Trust-management policies are easy to distribute across networks, helping to avoid the need for application-specific distributed policy configuration mechanisms, access control lists, and certificate parsers and interpreters.
For a general discussion of the use of trust management in distributed system security, see [Bla99].
KeyNote is a simple and flexible trust-management system designed to work well for a variety of large- and small- scale Internet-based applications. It provides a single, unified language for both local policies and credentials. KeyNote policies and credentials, called `assertions', contain predicates that describe the trusted actions permitted by the holders of specific public keys. KeyNote assertions are essentially small, highly-structured programs. A signed assertion, which can be sent over an untrusted network, is also called a `credential assertion'. Credential assertions, which also serve the role of certificates, have the same syntax as policy assertions but are also signed by the principal delegating the trust.
In KeyNote:
- Actions are specified as a collection of name-value pairs.
- Principal names can be any convenient string and can directly represent cryptographic public keys.
- The same language is used for both policies and credentials.
- The policy and credential language is concise, highly expressive, human readable and writable, and compatible with a variety of storage and transmission media, including electronic mail.
- The compliance checker returns an application-configured `policy compliance value' that describes how a request should be handled by the application.
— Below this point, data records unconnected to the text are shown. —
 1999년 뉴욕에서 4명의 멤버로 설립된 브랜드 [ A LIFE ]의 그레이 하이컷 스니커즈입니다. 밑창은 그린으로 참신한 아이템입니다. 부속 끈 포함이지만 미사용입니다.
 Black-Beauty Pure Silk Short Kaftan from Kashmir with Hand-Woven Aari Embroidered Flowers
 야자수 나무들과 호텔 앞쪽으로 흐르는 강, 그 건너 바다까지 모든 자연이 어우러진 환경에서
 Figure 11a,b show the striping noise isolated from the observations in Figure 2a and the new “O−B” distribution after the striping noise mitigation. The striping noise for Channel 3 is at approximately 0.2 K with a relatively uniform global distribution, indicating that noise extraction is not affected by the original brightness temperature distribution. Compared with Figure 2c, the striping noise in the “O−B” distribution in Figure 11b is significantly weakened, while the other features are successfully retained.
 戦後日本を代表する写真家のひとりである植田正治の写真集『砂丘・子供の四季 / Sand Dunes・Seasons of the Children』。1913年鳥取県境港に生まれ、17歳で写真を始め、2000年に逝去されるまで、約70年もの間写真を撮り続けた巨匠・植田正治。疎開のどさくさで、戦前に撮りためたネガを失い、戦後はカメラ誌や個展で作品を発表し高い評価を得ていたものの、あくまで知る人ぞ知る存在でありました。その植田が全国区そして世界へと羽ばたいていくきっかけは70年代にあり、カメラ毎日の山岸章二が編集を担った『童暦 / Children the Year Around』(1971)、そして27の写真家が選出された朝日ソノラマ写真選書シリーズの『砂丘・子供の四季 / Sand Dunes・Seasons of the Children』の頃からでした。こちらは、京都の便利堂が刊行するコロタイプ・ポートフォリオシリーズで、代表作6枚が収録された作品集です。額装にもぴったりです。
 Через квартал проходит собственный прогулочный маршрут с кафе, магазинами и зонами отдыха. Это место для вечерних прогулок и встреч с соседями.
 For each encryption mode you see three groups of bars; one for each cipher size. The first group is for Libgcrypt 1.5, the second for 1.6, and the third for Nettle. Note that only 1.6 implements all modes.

Policy compliance values are always positively derived from policy and credentials, facilitating analysis of KeyNote-based systems.
- Compliance checking is efficient enough for high-performance and real-time applications.
This document describes the KeyNote policy and credential assertion language, the structure of KeyNote action descriptions, and the KeyNote model of computation.
If you have any problems uncompressing/viewing these files, drop me a mail. The compression used is the GNU "gzip", which Netscape does not seem to recognize by default.
An implementation of KeyNote version 2 (per RFC 2704) is now available.
You can download a copy of version 2.3 of the KeyNote release from HERE, If you have trouble uncompressing the file, here's the tar-only version. Thanks to Damien Miller for building Redhat RPM packages for releases 2.0 and 2.1. They are available here. You can find a sample (and very simple) application that uses KeyNote here. It is also included on all KeyNote distributions starting from 2.2.
Thanks to Dave Kornbau for providing a pre-compiled Windows 95/98/NT version of KeyNote 2.2 with OpenSSL. It is provided as a zip file for download.
Notice that there are significant differences between KeyNote version 2 and previous versions. Please read the improved and updated specification. The library API has changed as well; the man pages included in the distribution fully document these changes.
If your system does not provide a regular expression library (e.g., Windows), you can download this one (thanks to Dave Clark of Lucent, for sending me a copy).
Patroklos Argyroudis has created
pykeynote, a Python
extension module for KeyNote that provides a high-level, object-oriented
interface to the KeyNote library API. Although pykeynote was developed on
Linux, it should work on most Unix-like systems.
Adam Aviv has
written detailed
instructions for installing pykeynote. He has also written a
simplified
KeyNote evaluator (implementing a subset of the KeyNote
language/features) in Python; the intend is to provide an easily
extensible and modifiable KeyNote-like system for easy
experimentation).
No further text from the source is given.